GeoEvent Gateway: Modifying the Kafka Properties

499
0
11-07-2019 12:35 PM
EricIronside
Esri Regular Contributor
1 0 499

DISCLAIMER: The content of this blog is unofficial and should be considered advanced configuration advice for anyone who is familiar with Kafka configuration.  I do not recommend changing the default settings in your kafka.properties file without significant research and testing.

The kafka.properites file

The setting file to be modified is located here on Windows:

   C:\Program Files\ArcGIS\Server\GeoEvent\gateway\etc\kafka.properties

The original settings in this file were chosen to optimize performance (at the expense of potentially large disk usage).  I recommend you start by adding the log.roll settings at the bottom before you change any of the existing settings.

Note: The default settings from Kafka creates a large set consumer offset partitions each with a mimum size of 20 MB. This large number is what gives the system such good performance (parallelism).  A new/empty installation for GeoEvent Gateway requires at least 1 GB of disk space just to get started.
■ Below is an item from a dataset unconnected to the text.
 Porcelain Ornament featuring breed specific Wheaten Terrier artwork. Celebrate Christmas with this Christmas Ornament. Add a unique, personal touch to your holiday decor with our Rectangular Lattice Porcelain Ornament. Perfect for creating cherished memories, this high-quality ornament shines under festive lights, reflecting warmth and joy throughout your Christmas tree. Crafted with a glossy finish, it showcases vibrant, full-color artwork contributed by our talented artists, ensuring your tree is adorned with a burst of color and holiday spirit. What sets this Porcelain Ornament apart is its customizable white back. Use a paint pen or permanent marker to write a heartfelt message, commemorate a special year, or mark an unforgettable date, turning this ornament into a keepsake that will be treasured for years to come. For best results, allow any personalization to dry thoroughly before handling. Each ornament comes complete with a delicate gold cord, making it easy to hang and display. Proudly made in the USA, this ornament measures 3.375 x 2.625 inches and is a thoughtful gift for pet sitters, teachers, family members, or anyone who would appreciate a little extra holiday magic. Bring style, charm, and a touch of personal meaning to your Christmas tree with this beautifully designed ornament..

Each input/output you add after that will require a minimum of 360 MB additional disk space before you process any events.  Please note all of these sizes are minumum numbers and likely to grow when you use the GeoEvent.

You can UPDATE the following settings:

log.retention.bytes - This determines a minimum amount of disk space for a single partition.  The default is 100 MB.  This is not a maximum size, and I've seen some partitions grow up to more 3x the setting for this property. For a high velocity data stream, the size of each partition will probably never go below this number.  Also, this is per-partition, so multiply this size by 3 for each input/output you have. If you don't have a lot of high-velocity data, I don't think it will harm anything to reduce this number by 1/2 to 1/3.
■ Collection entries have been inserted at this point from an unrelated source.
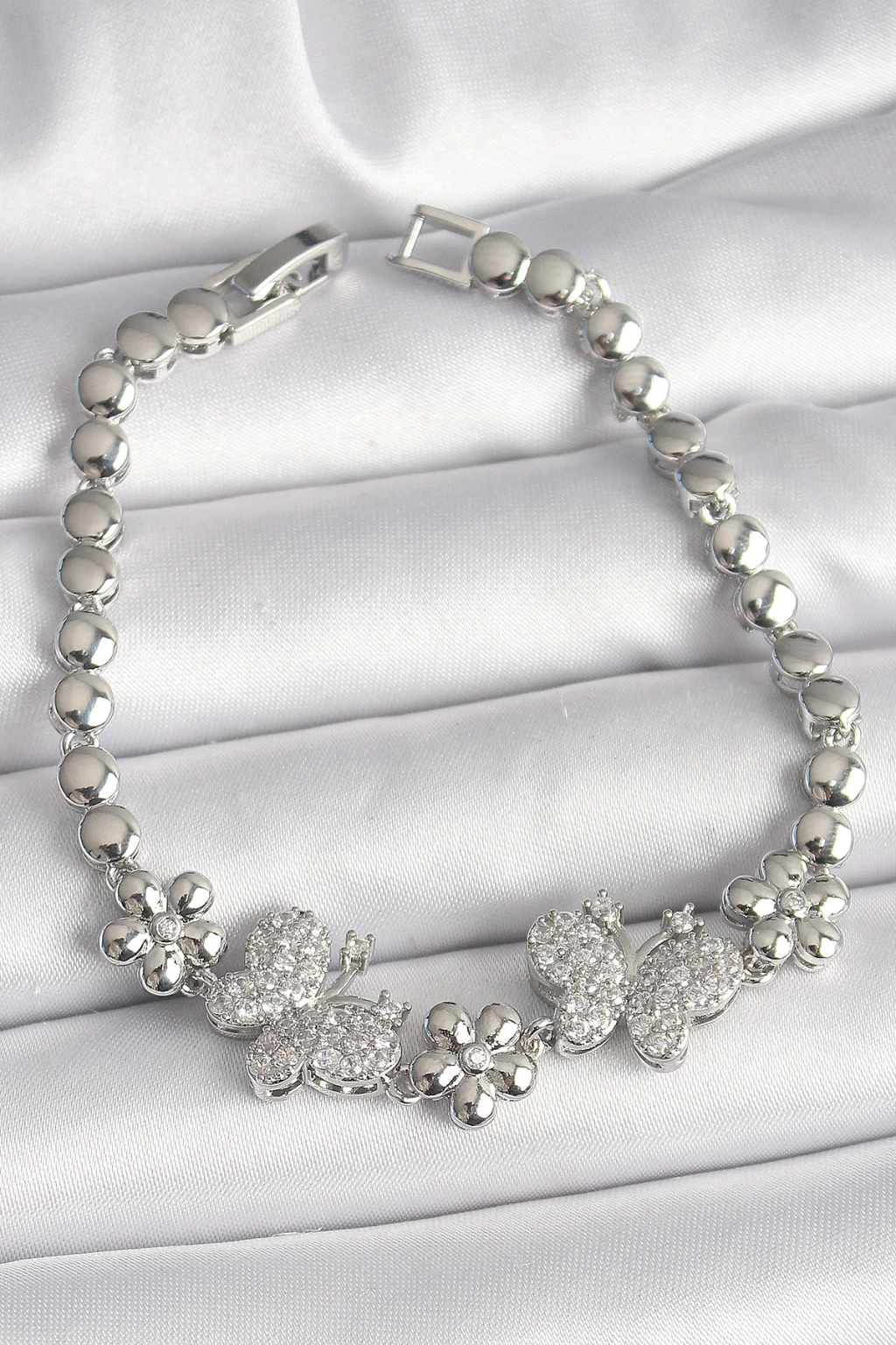 Pirinç Gümüş Renk Zirkon Taşlı Kelebek Figür Çiçek Zincir Model Kadın Bileklik - TJ-BB6827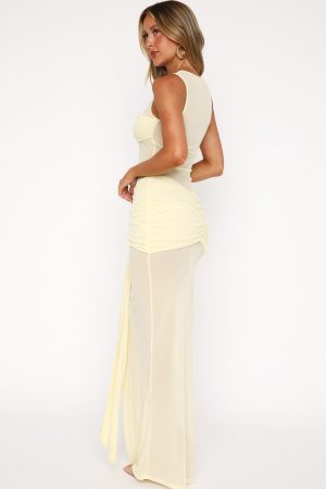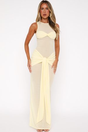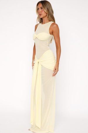 Make it all about you in the Honeymoon Heart Maxi Dress Lemon! Featuring a high cut neckline. unlined. sheer bodice with lining at bust and skirt. front wrap design. maxi length. ruched detailing. and stretch material for an easy slip on design.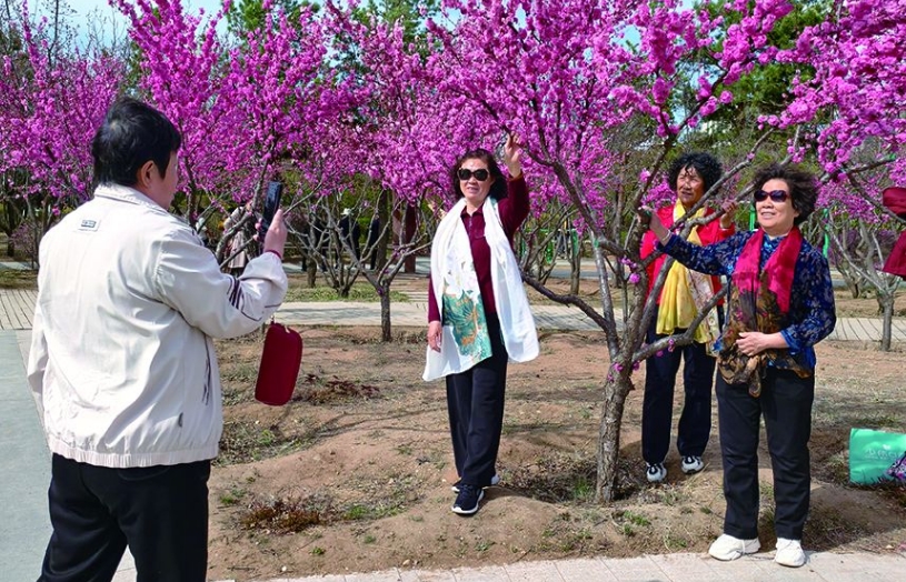 走進植物園,道路兩側(cè)的榆葉梅競相綻放,粉紅色的花朵層層疊疊掛滿枝頭,形成一片爛漫花海。從浙江來的游客李筱正用手機記錄美景:“原本擔(dān)心錯過北方花期,沒想到這里的榆葉梅開得這么漂亮,完全不輸江南的春天?!?/p>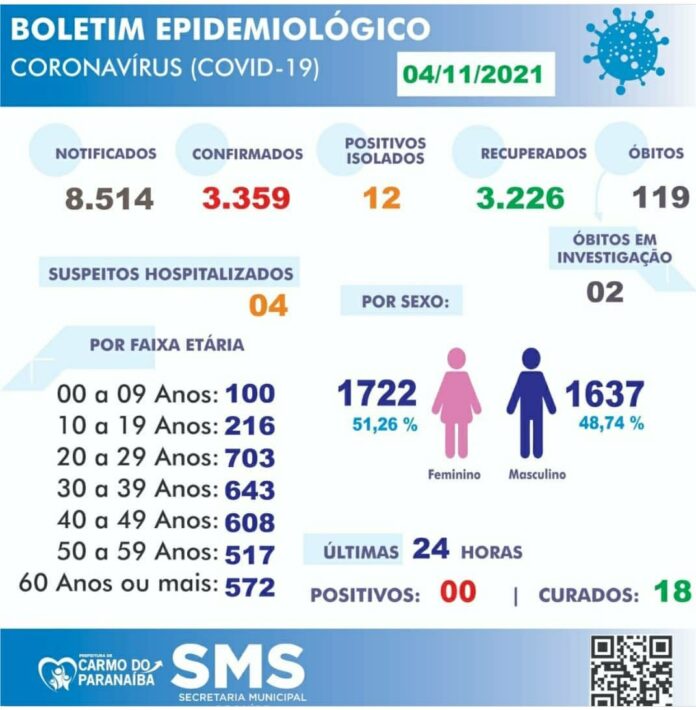 São 8.514 o número de casos notificados, 3.359 positivados e 3.226 curados.

log.retention.hours - This is the number of hours to leave logs on disk before considering deleting them.  The default is 1 hour.  You can make this shorter by removing this property and replacing it with log.retention.minutes. I have conisdered, but not tested replacing log.retention.hours=1 with log.retention.minutes=30. 
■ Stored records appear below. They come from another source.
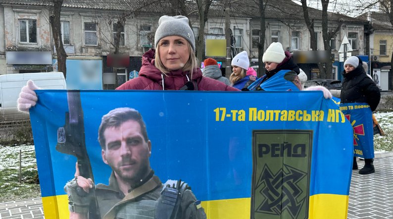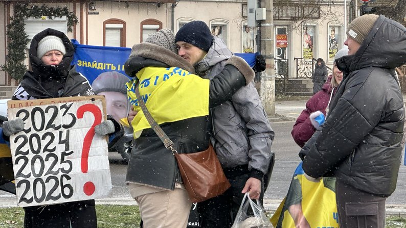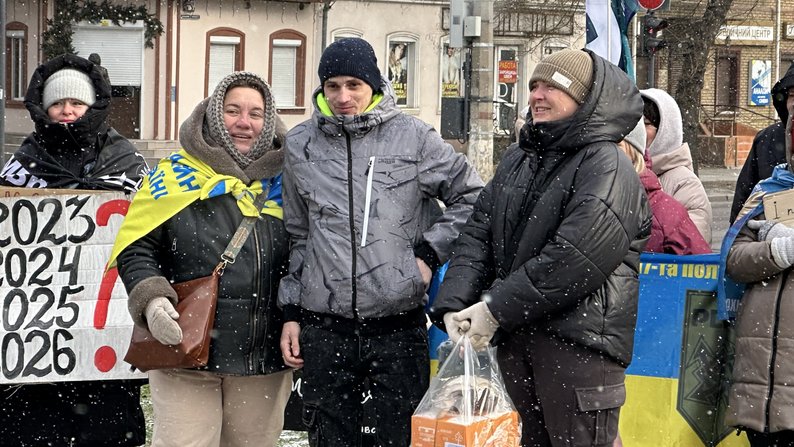 Звільнений з полону військовий Іван поруч із учасниками акції. Суспільне Миколаїв/Назарій Рубаняк У Миколаєві 18 січня вчергове нагадали про полонених та безвісти зниклих військових. На акцію зібралися 110 людей. Під час заходу миколаївці привітали звільненого з полону українського військовослужбовця.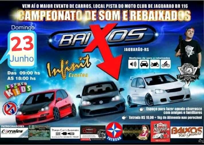 Jaguarão – A pista do Moto Club do município vai receber o Campeonato de Som e Rebaixados. O evento ocorrerá nos domingo 23 de junho, das 9h à 18h. Será cobrada a entrada de R$ 10,00 (dez reais), mais um quilo de alimento não perecível.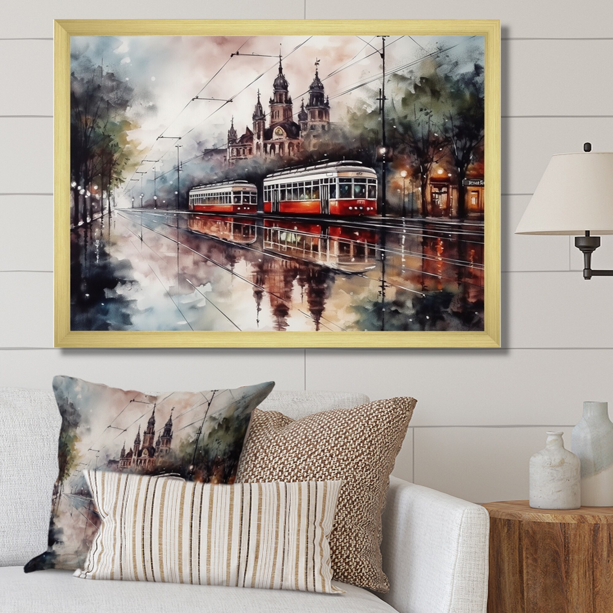 Designart "Red And Brown City Trams in the Wet Mist" City Art Deco Framed Canvas Art Print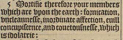 5 Mortifie therefore your members which are vpon the earth: fornication, vncleannesse, inordinate affection, euill concupiscence, and couetousnesse, which is idolatrie: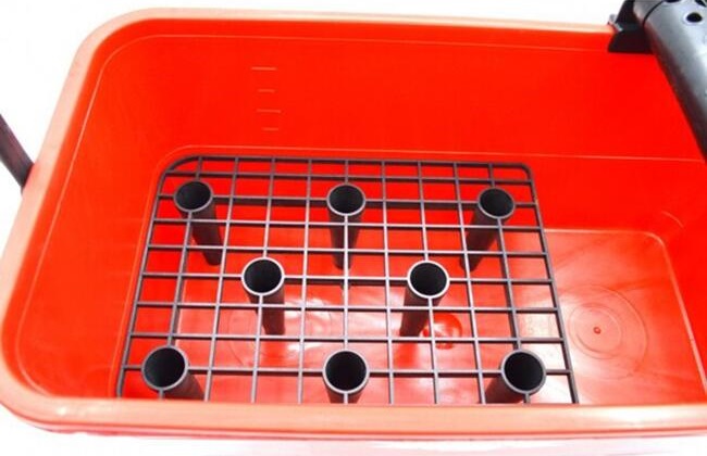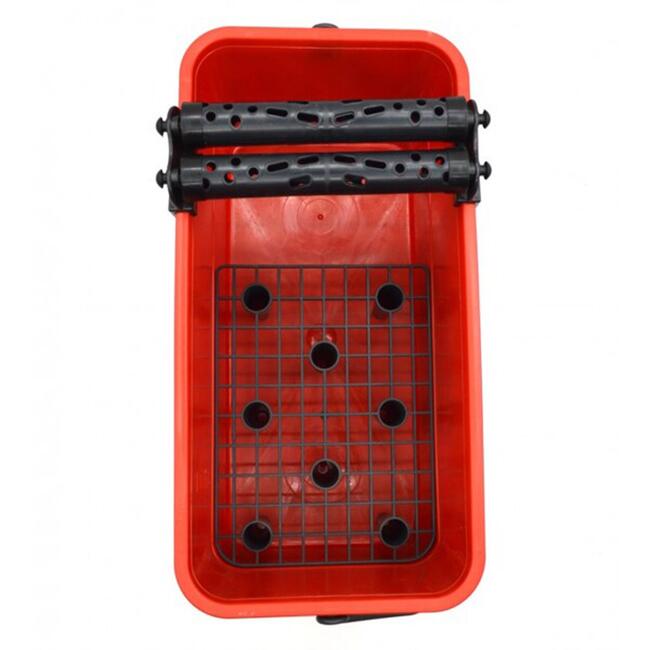 - Galeata a fost dotata cu o grila care permite indepartarea excesului de apa de pe unelte si role pentru stoarcerea buretilor si a lavetelor.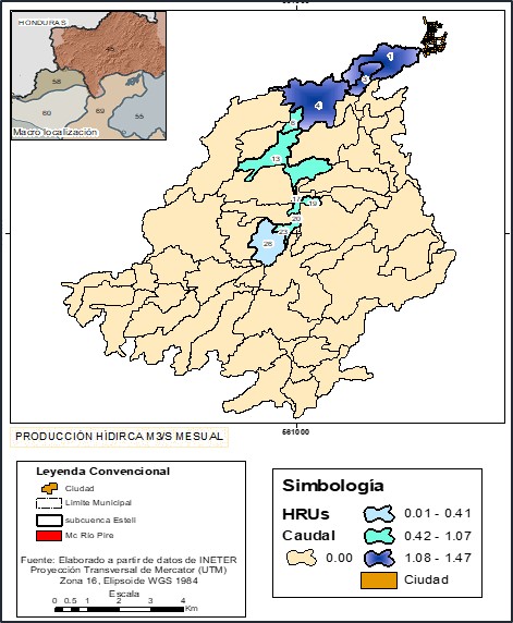 The Pire river microbasin is located in the Central American dry corridor, belonging to one of the twelve subbasins of the municipality of Condega. The area under study has an area of 109 km2 and houses about 8,900 inhabitants; it is considered as the most densely populated area in the municipality. 70% of the territory in the micro-basin has a forest vocation and the remaining 30% corresponds to agriculture. In 2015, the Nicaraguan Institute for Territorial Studies (INETER) shows that thickets represent 50% of the total territory, grasslands (37.6%), annual cultivation (7.43%), latifoliate forest (4.7%) and populated center (0.27%), showing that the soils are not being used according to their vocation. To assess the influence of land use on surface water hydrological dynamics, the water and soil assessment tool (SWAT) was used; developed and tested by the ARS (USDA) for hydrological simulation and prediction of soil-related processes; 55 hydrological response units (HURs) were obtained on which water production, sediments, overflow were estimated. The highest generation HURs of sediments and overflow are located in Ultisol soils covered by thickets on slopes greater than 500 meters.

log.segment.bytes - This is the maximum size of a log file (the actual file on disk) before Kafka rolls over to another file.  Default is 100MB.  If you have high velocity data, you might end up with a lot of these, if not you might only have one.  I would consider updating this to 50MB, 25MB, or even 10MB. The lower the velocity of your data, the smaller the size you can make this.  The higher velocity your data, the larger this will be. If you set this too small, Kafka will continually be rolling over files. If you set it too big, Kafka will never roll over, and you'll keep log files (and old events in the queue) around forever (see log.roll.ms property below to avoid this).

You can ADD the following settings:

log.roll.ms - This determines a life span for any specific file on disk; after this many milliseconds, Kafka will roll over to a new file regardless of file size.  I would set this somewhere around 1/2 to 1/10 of your log.retention.hours/log.retention.minutes setting (adjusting for ms).  If you stick to 1/2 and your log files are not rolling over based on size, then you'll rarely have more than 3 log files on disk.  Once again, this totally depends on the velocity of your data.  I would avoid setting this value to anything less than about 5 or 10 minutes (just a gut feeling).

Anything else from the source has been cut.